Chapter One
Introduction
1.1 GENERAL REMARKS
In steel construction, there are two main families of structural members. One is the familiar group of hot-rolled shapes and members built up of plates. The other, less familiar but of growing importance, is composed of sections cold-formed from steel sheet, strip, plates, or flat bars in roll-forming machines or by press brake or bending brake operations. These are cold-formed steel structural members. The thickness of steel sheets or strip generally used in cold-formed steel structural members ranges from 0.0149 in. (0.4 mm) to about 1/4 in. (6.4 mm). Steel plates and bars as thick as 1 in. (25 mm) can be cold-formed successfully into structural shapes.

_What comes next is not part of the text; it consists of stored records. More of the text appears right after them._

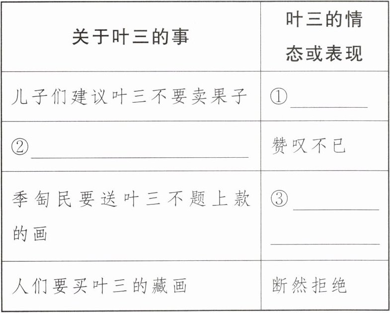 4.①生气 ②叶三观看季匋民作画 ③表明坚决不卖 5.A 【解析】A项,叶三对画作有鉴赏能力,与他成为出色的画家之间并没有必然的关系。"如果不卖果子,他一定会成为出色的画家"的说法不合逻辑。
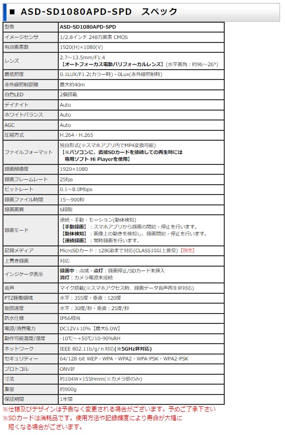 ASD-SD1080APD-SPDZは、アナログハイビジョン信号の AHD1.0方式を採用した、屋内設置用SDカード録画カメラ ASD-SD720AHDを屋外設置・フルHD・IPカメラ化し 遠隔監視や直接スマホからアクセスする、AP接続モードに対応させた PTZ(パン・チルト・ズーム)機能付上位機種になります。
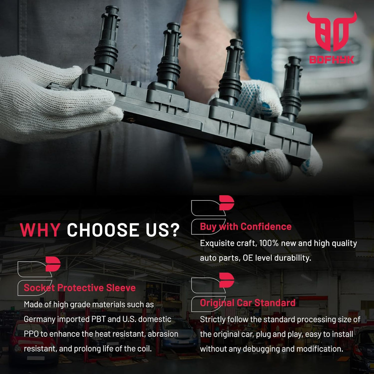 【About BDFHYK】We are a professional automotive component manufacturer with a mature industrial production line. If you encounter any issues with our ignition coil, please contact us immediately, and we will respond to you within 48 hours. We are committed to providing a 12-month quality guarantee service. Choose BDFHYK, choose high-quality coil packs.
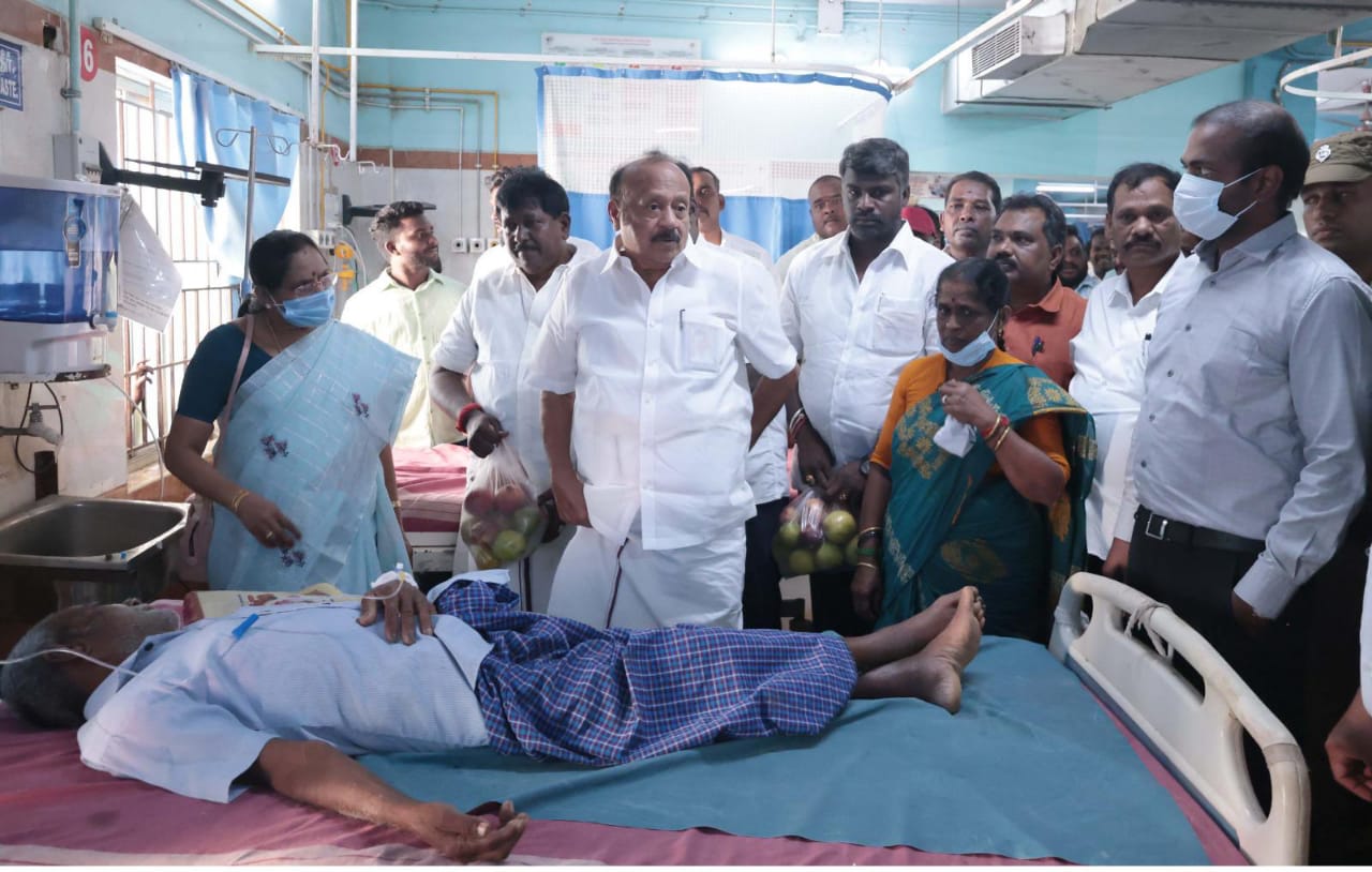 வேளாண்மை உழவர் நலத்துறை அமைச்சர் பூவாணிக்குப்பம் பகுதியில் ஏற்பட்ட சாலை விபத்தில் காயமடைந்து அரசு தலைமை மருத்துவமனையில் சிகிச்சை பெற்று வருபவர்களை நேரில் சந்தித்து நலம் விசாரித்தார்

Although cold-formed steel sections are used in car bodies, railway coaches, various types of equipment, storage racks, grain bins, highway products, transmission towers, transmission poles, drainage facilities, and bridge construction, the discussions included herein are primarily limited to applications in building construction. For structures other than buildings, allowances for dynamic effects, fatigue, and corrosion may be necessary.
The use of cold-formed steel members in building construction began in about the 1850s in both the United States and Great Britain. However, such steel members were not widely used in buildings until around 1940. The early development of steel buildings has been reviewed by Winter.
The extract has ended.